Rio Tinto badly needs a good result with its Oyu Tolgoi mine in Mongolia after delays to its Guinea project, writes Peter Ker.
When Rio Tinto's top brass reflect upon June 2013, they're likely to see a month where they took one step forward and one step backward in their mission to create a foothold in the developing world.
As the company prepares to cut the ribbon on a massive new money-maker in the middle of Mongolia's Gobi Desert, its dream of replicating its Australian iron ore business in the wilds of West Africa looks further away than ever.
The Simandou iron ore project in Guinea has been sliding from prominence for some time within Rio's portfolio, and on Wednesday its development was revealed to be even more unlikely when Guinean Mining Minister Lamine Fofana revealed costs could be double previous estimates.
The $US20 billion price tag he implied remains a guesstimate; studies are continuing and further talks between the government and Rio are due to take place next week.
But Mr Fofana was certain of one thing; Rio's 2011 vow to start exporting from Simandou by 2015 will not be met. "The reality is this cannot be respected. That's why we are really in open discussions with Rio, taking into account the complexity of this project," he told reporters in London.
On the surface, the major problem at Simandou is the disagreement between Rio and the government over how much financing Guinea should bring to the table. In reality, Simandou would struggle to win approval from Rio's board even if all its ducks were in a row.
Rio is in money-saving mode, and is already over-reliant on iron ore.
If there was money to spare on further iron ore developments, it would surely be spent on the long-planned expansions to the Pilbara iron ore division, which was once described by former Rio boss Tom Albanese as the second-best business on earth behind Apple's production of iPads.
With the peak of the iron ore boom almost certainly in the past, Simandou is starting to look like the sort of project that won't happen - not this decade, anyway.
All the more reason for Rio executives to savour the ribbon-cutting ceremony that is expected to be held in Mongolia sometime over the next fortnight.
First sales from Mongolia's Oyu Tolgoi copper and gold mine were expected to be celebrated on Friday, after Rio's representatives sent out invitations to guests - including the Mongolian Prime Minister - to attend a ceremony for the milestone.
Rio has had to fight all the way for Oyu Tolgoi, through a bitter takeover of Robert Friedland's Ivanhoe Mines, shortages of infrastructure and water, and numerous attempts by the Mongolian government to nationalise more of the mine's wealth.
Apart from the first sales, the ceremony was seen as a proxy for showcasing improved relations between Rio and the government, as Rio had previously warned that strained relations could delay first commercial shipments beyond the June target.
By Wednesday the ceremony had been cancelled, with Rio refusing to explain why.
The reason remains unclear, but sources close to Oyu Tolgoi suggest a ceremony is still likely to occur before June 30.

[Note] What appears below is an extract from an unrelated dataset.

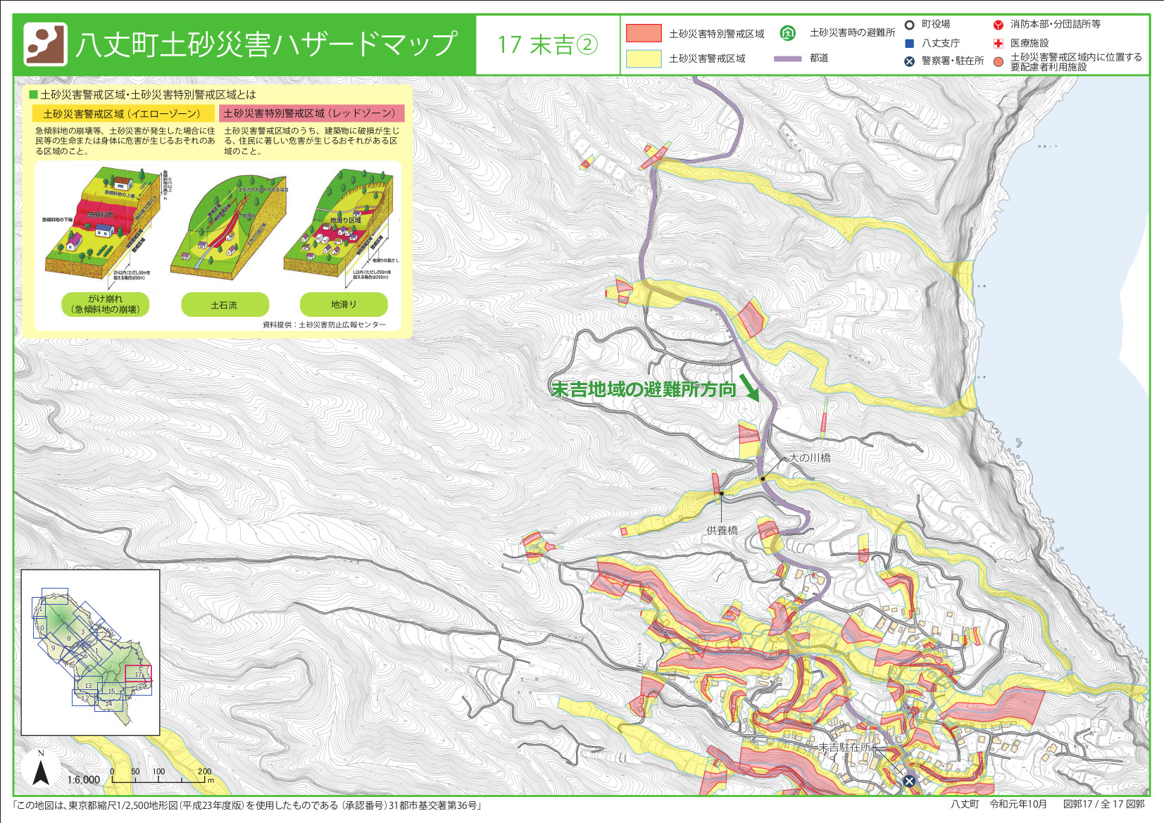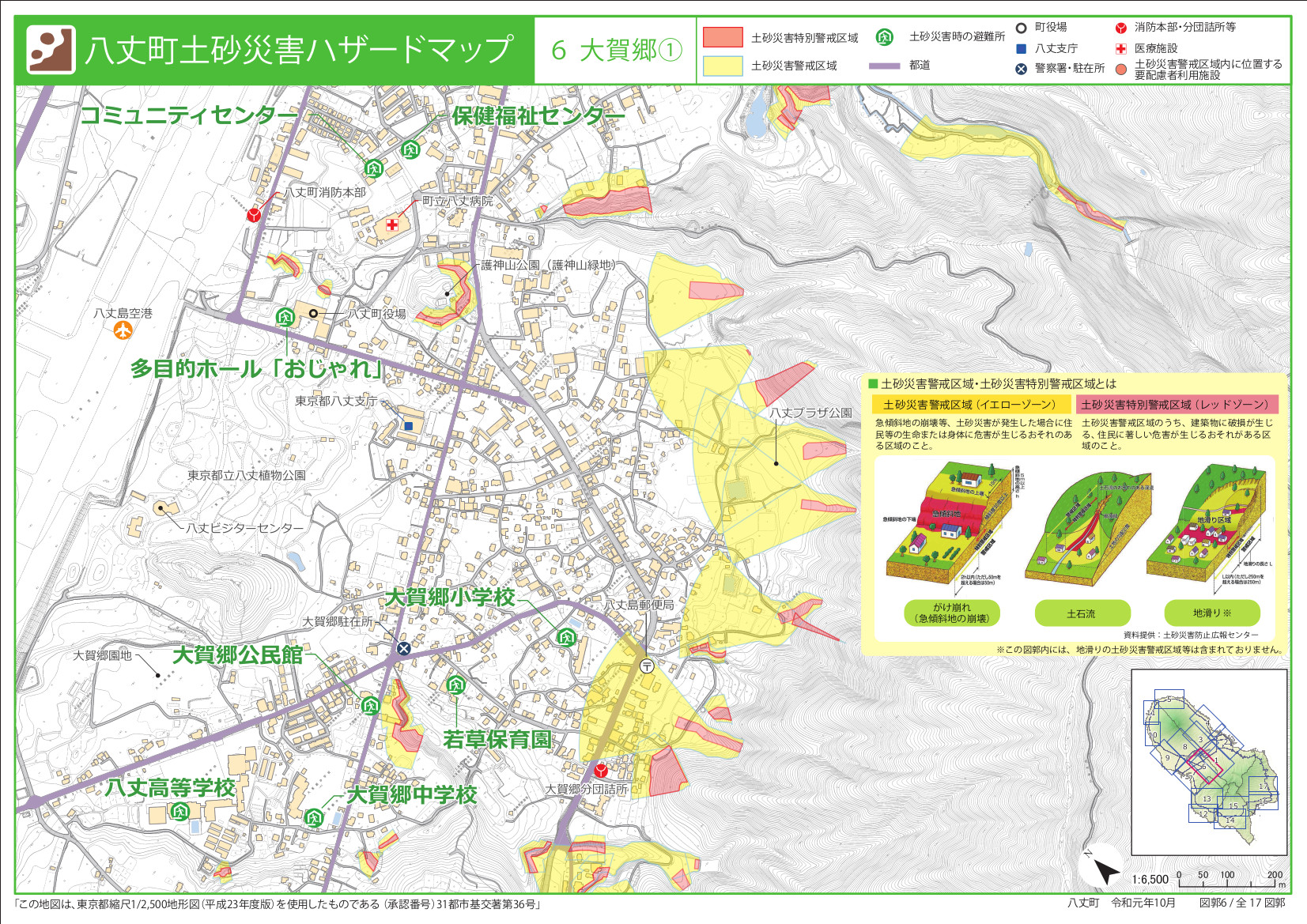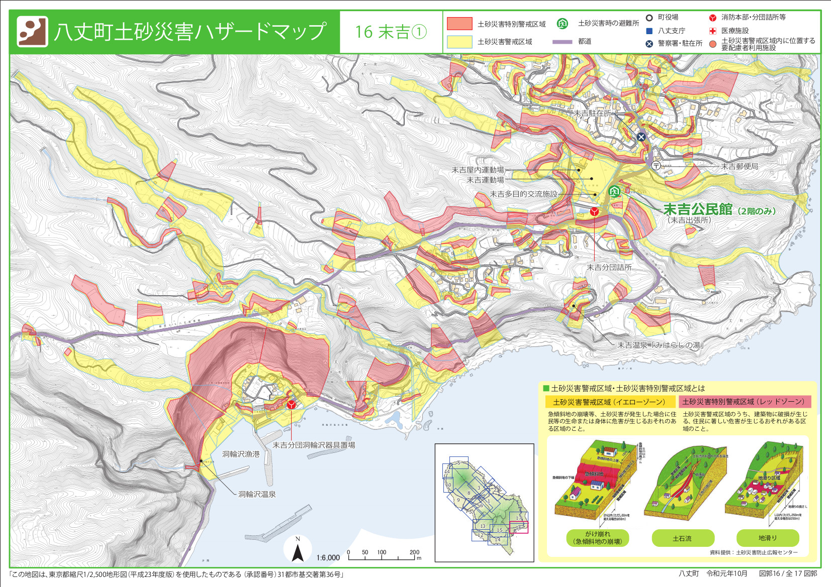 台風や大雨等による地盤の変化により、土砂災害の発生が予測される場合や実際に発生した場合に、住民の皆さんが避難などの適切な行動をとっていただくために「八丈町土砂災害ハザードマップ」を作成しました。

Some believe the delay has more to do with public relations than any increase in geopolitical tensions.
Rio's performance in developing nations is important, and is one of several points of difference between it and BHP Billiton.
While Rio has had a big role in large projects in nations such as Mongolia and Guinea, BHP's operations in northern Africa and Asia are trivial to its bottom line.
BHP's most important operations are found in wealthy, developed countries such as the US, Australia and Chile, while its best growth prospects are in Canada and Australia.
Rio needs success in places like Mongolia to balance out its failures in Mozambique and, in all likelihood, Guinea.
But bringing Oyu Tolgoi into production this month won't be the end of the road for Rio in Mongolia.
A bigger prize looms in the $US5.1 billion second stage of the project, which would turn the mine into the third biggest copper producer on earth. That goal has been another source of tension between Rio and the Mongolian government, with the latter commissioning an audit into cost blowouts on the plan.
As a partner in the project, Mongolia is increasingly worried about the cost it may have to bear to make the project go ahead. Rio responded by downscaling the design for stage two, which will see the mine costing more to operate, producing less copper each year, and duly creating lower dividends for the government.
Logic suggests Rio will prevail and Oyu Tolgoi will eventually be expanded to its full potential. Despite concerns over the environment and its impact on local herders, the mine will be just too big a part of the Mongolian economy for the government to stymie it forever.
But shareholders can be assured there will be a few more backward steps before the day is won.